- HOW TO COMPLETE THIS TASK
Everything from the first line of the data below through the line that contains "Chanel No.5 Perfume" should be written out exactly, please, and nothing more; the pictures stay out.

- DATA TO USE
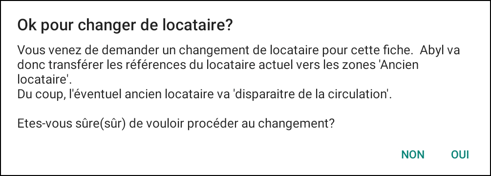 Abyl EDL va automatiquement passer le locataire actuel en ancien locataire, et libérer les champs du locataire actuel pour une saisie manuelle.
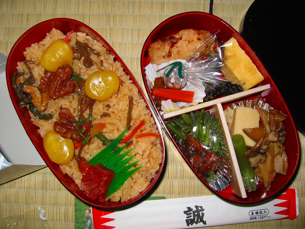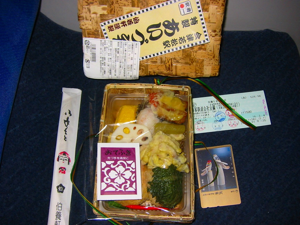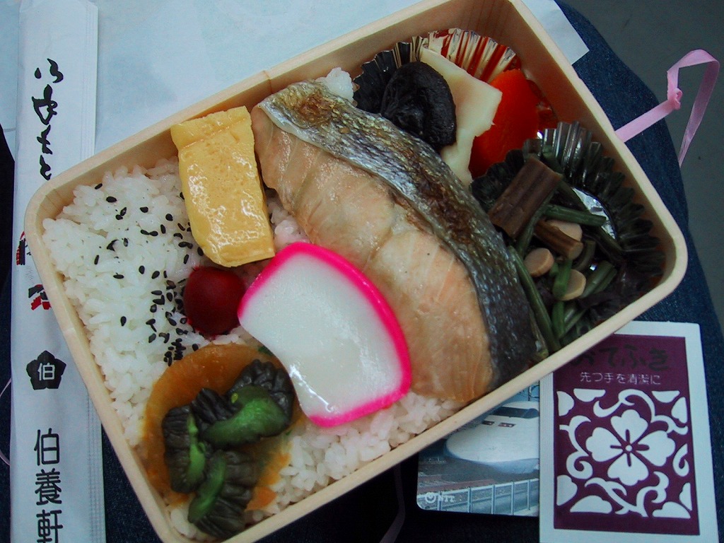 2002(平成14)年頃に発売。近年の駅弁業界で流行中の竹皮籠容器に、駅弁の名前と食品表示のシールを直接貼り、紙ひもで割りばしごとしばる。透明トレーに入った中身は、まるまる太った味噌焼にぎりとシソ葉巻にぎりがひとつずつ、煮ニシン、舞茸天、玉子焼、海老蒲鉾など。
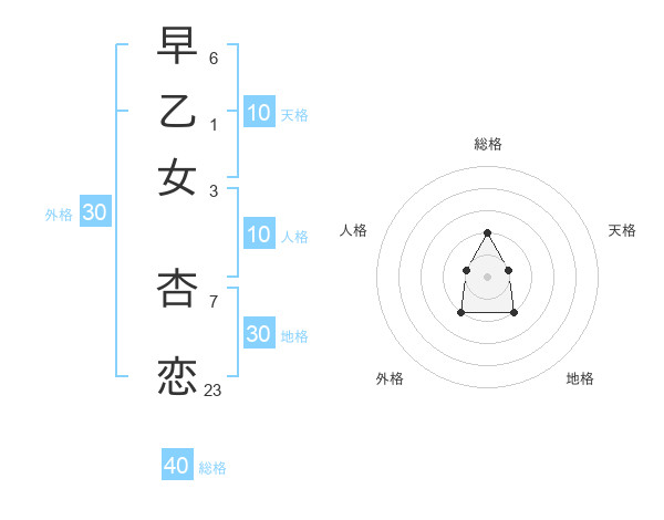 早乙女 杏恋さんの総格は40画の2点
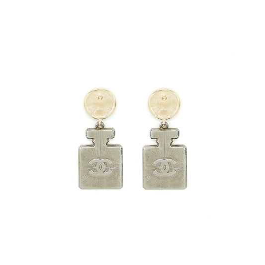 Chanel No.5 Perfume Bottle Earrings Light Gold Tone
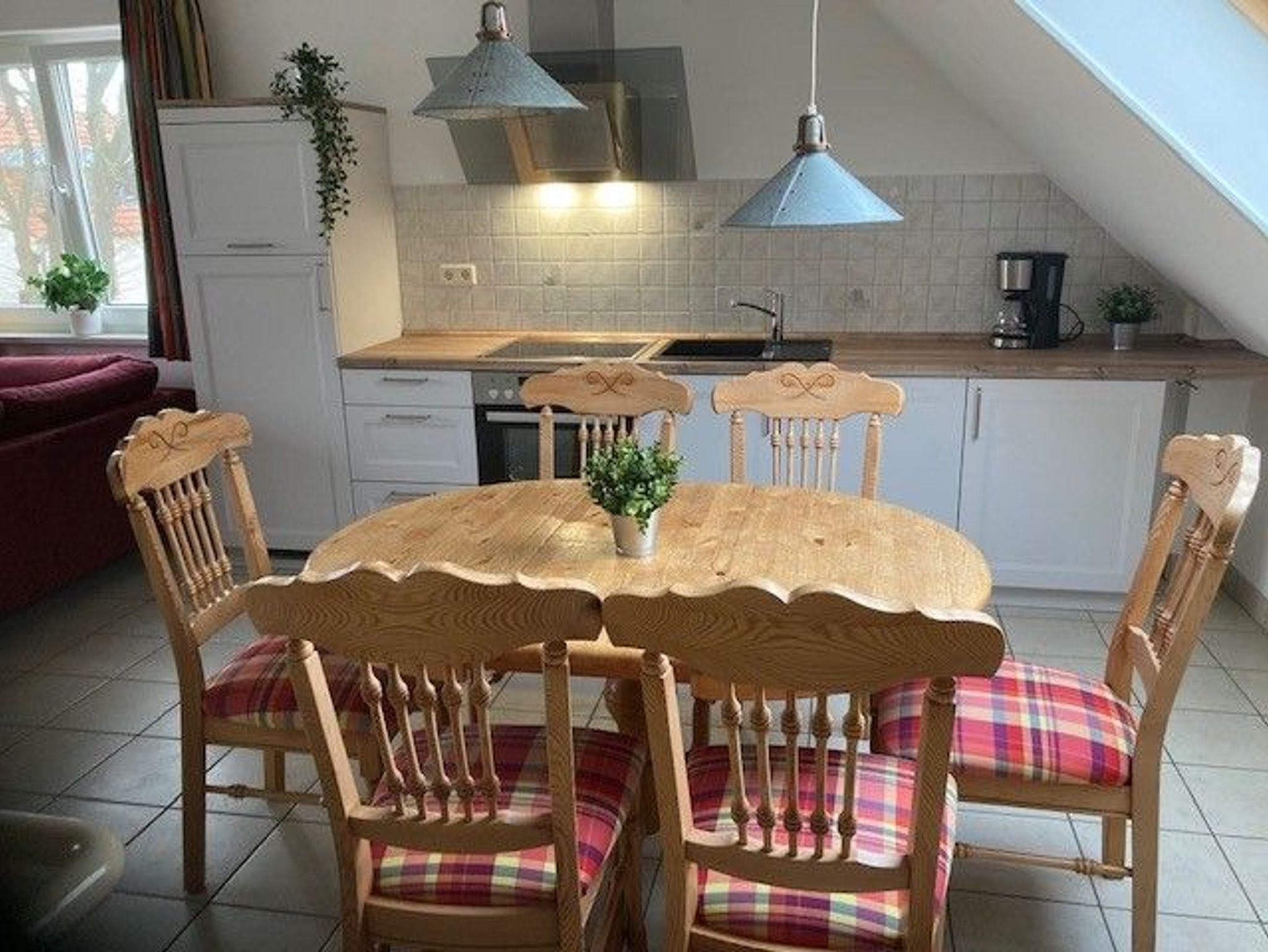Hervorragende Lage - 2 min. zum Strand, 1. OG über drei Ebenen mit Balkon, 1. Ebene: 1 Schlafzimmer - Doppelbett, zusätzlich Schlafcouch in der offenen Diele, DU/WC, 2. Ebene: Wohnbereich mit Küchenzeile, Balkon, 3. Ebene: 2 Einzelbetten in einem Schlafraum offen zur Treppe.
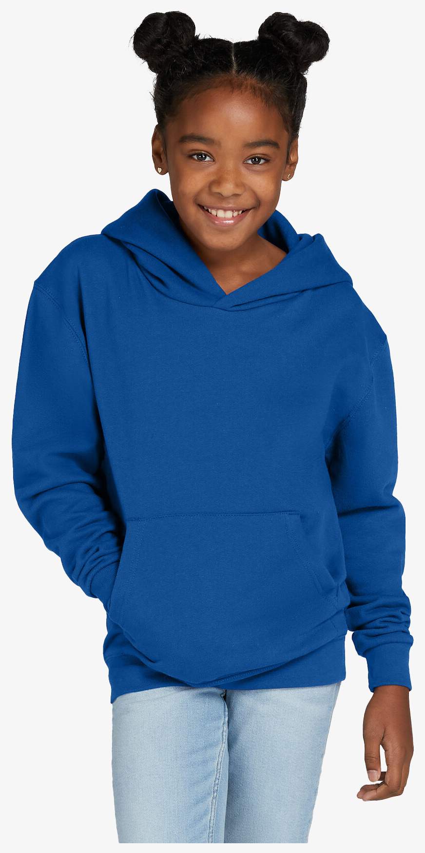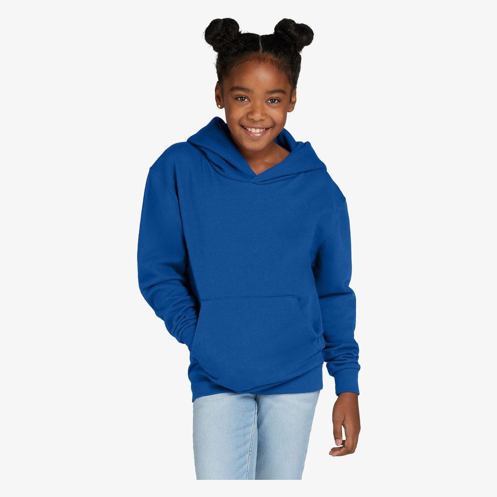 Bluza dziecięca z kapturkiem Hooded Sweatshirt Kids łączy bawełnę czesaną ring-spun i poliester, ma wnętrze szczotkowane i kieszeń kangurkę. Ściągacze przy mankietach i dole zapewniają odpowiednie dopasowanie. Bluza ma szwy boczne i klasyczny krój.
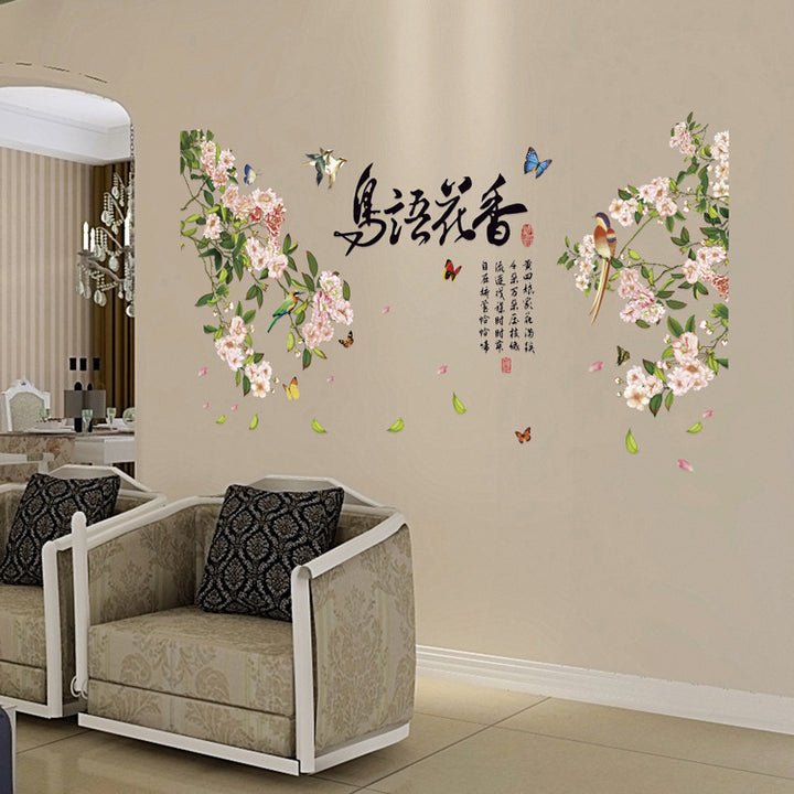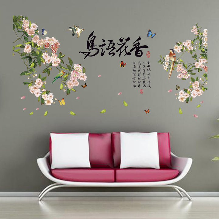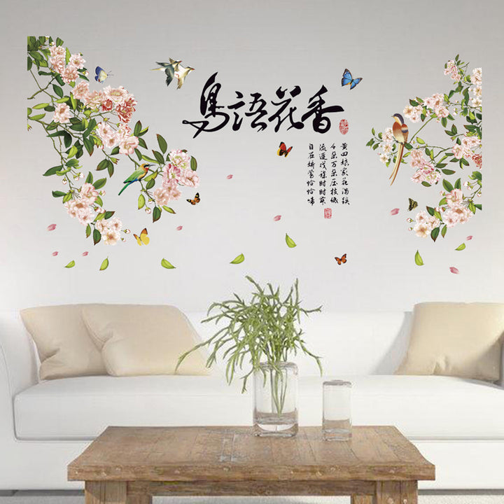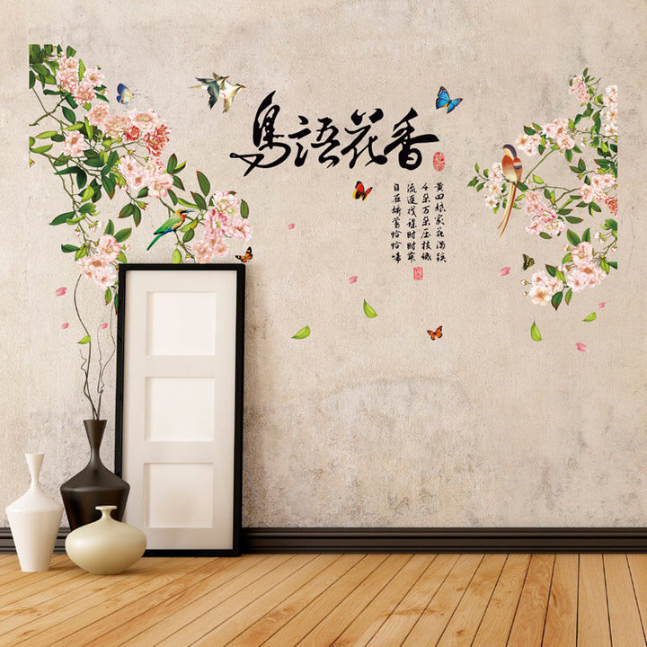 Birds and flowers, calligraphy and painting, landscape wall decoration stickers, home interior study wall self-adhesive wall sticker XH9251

- ANSWER TO THIS PROBLEM
 Abyl EDL va automatiquement passer le locataire actuel en ancien locataire, et libérer les champs du locataire actuel pour une saisie manuelle.
 2002(平成14)年頃に発売。近年の駅弁業界で流行中の竹皮籠容器に、駅弁の名前と食品表示のシールを直接貼り、紙ひもで割りばしごとしばる。透明トレーに入った中身は、まるまる太った味噌焼にぎりとシソ葉巻にぎりがひとつずつ、煮ニシン、舞茸天、玉子焼、海老蒲鉾など。
 早乙女 杏恋さんの総格は40画の2点
 Chanel No.5 Perfume Bottle Earrings Light Gold Tone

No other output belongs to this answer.